§ **INSTRUCTIONS TO FOLLOW**
Set down the whole listing below exactly, without pictures.

§ **COLLECTED MATERIAL**
===============

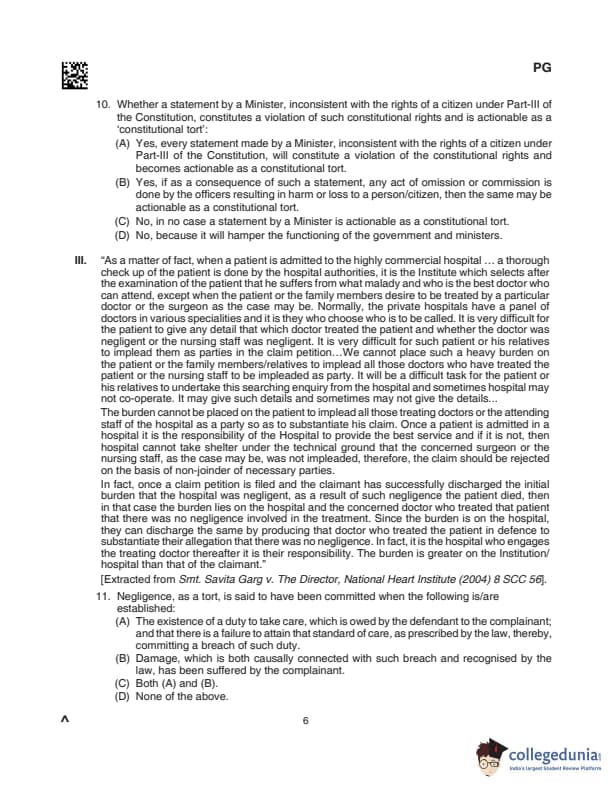 | 15 | Now, a large number of private hospitals, nursing homes and clinics have emerged. In view of the good reputation they have built, patients go there for treatment in large numbers. These hospitals provide the medical treatment to those patients through doctors employed by those hospitals, though there on some arrangement. These hospitals hold out to the public that the treatment would be given by doctors provided to those patients by all such doctors. In such cases, if the patient suffers injury due to negligence of the doctors, then: (A) The hospitals would be equally liable for damages, on the principles of vicarious liability as they have held out the doctors as their employees, and those hospitals cannot show off their responsibility and liability to pay compensation for the damages suffered by the patients due to negligence of the doctors provided by these very hospitals. (B) The hospitals would not at all be held liable for damages. (C) The hospitals would not at all be held liable for damages; but the doctors could not show off their liability for negligence. (D) Neither the hospitals nor the doctors are held liable, as no one can guarantee the desired results in medical treatment. |
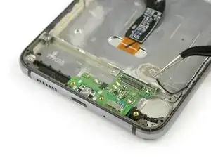 Снимите плату зарядки с помощью пинцета.
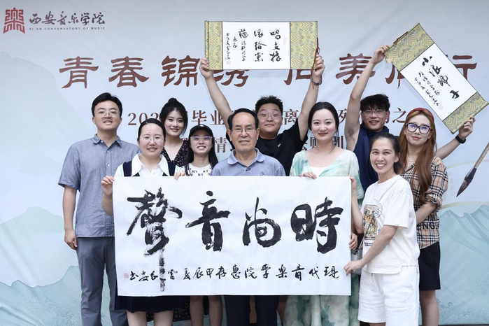 学工小院里书香盈袖,翰墨飘香,王刚和学校关心下一代委员会成员雷长安、韩明廉、杨保存,以及舞蹈学院分党委书记王炜等书法家,纷纷挥毫泼墨,寄情于书,为即将步入人生新阶段的毕业生们送上临别赠言与美好祝愿,吸引众多学生驻足围观。书法家们字迹苍劲有力,力透纸背,每一笔每一划都凝聚着对毕业生的深情关切与殷殷期盼,“云程万里,奋斗启航““初心不改,砥砺前行”“鹏程万里,不负韶华”....这些赠言中,有的寓意毕业生们能始终保持一颗初心,在人生的道路上坚定前行,勇敢地开启新的人生旅程;有的则祝福他们能如同翱翔在万里长空的雄鹰,用自己的努力和奋斗书写精彩的篇章。
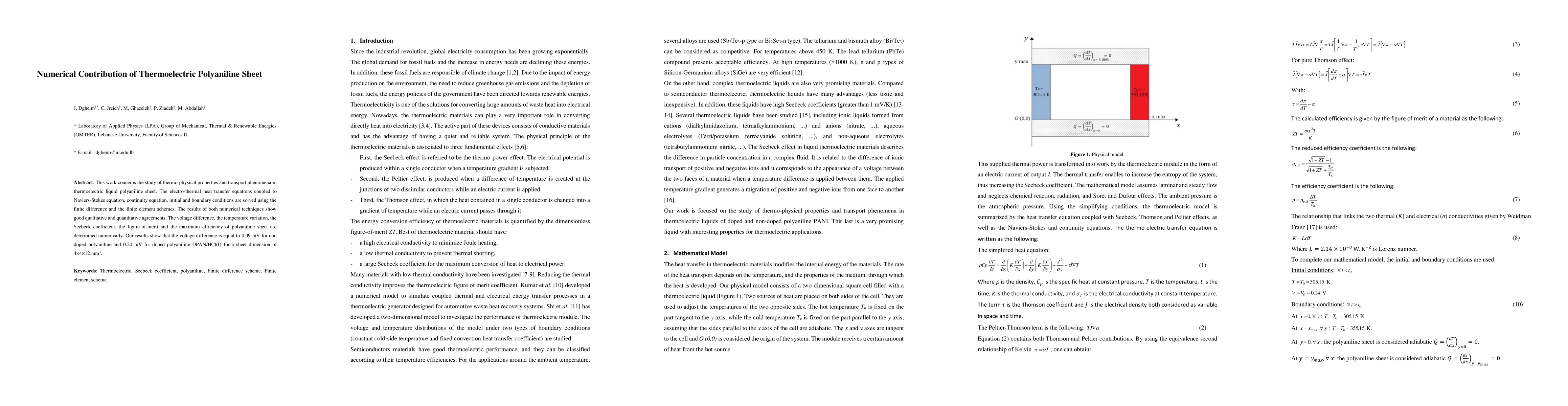 This study numerically investigates the thermo-physical properties of thermoelectric polyaniline sheets using finite difference and finite element methods, revealing voltage differences of 0.09 mV for undoped and 0.20 mV for doped polyaniline under specified conditions.

===============

§ **ANSWER SECTION**
 | 15 | Now, a large number of private hospitals, nursing homes and clinics have emerged. In view of the good reputation they have built, patients go there for treatment in large numbers. These hospitals provide the medical treatment to those patients through doctors employed by those hospitals, though there on some arrangement. These hospitals hold out to the public that the treatment would be given by doctors provided to those patients by all such doctors. In such cases, if the patient suffers injury due to negligence of the doctors, then: (A) The hospitals would be equally liable for damages, on the principles of vicarious liability as they have held out the doctors as their employees, and those hospitals cannot show off their responsibility and liability to pay compensation for the damages suffered by the patients due to negligence of the doctors provided by these very hospitals. (B) The hospitals would not at all be held liable for damages. (C) The hospitals would not at all be held liable for damages; but the doctors could not show off their liability for negligence. (D) Neither the hospitals nor the doctors are held liable, as no one can guarantee the desired results in medical treatment. |
 Снимите плату зарядки с помощью пинцета.
 学工小院里书香盈袖,翰墨飘香,王刚和学校关心下一代委员会成员雷长安、韩明廉、杨保存,以及舞蹈学院分党委书记王炜等书法家,纷纷挥毫泼墨,寄情于书,为即将步入人生新阶段的毕业生们送上临别赠言与美好祝愿,吸引众多学生驻足围观。书法家们字迹苍劲有力,力透纸背,每一笔每一划都凝聚着对毕业生的深情关切与殷殷期盼,“云程万里,奋斗启航““初心不改,砥砺前行”“鹏程万里,不负韶华”....这些赠言中,有的寓意毕业生们能始终保持一颗初心,在人生的道路上坚定前行,勇敢地开启新的人生旅程;有的则祝福他们能如同翱翔在万里长空的雄鹰,用自己的努力和奋斗书写精彩的篇章。
 This study numerically investigates the thermo-physical properties of thermoelectric polyaniline sheets using finite difference and finite element methods, revealing voltage differences of 0.09 mV for undoped and 0.20 mV for doped polyaniline under specified conditions.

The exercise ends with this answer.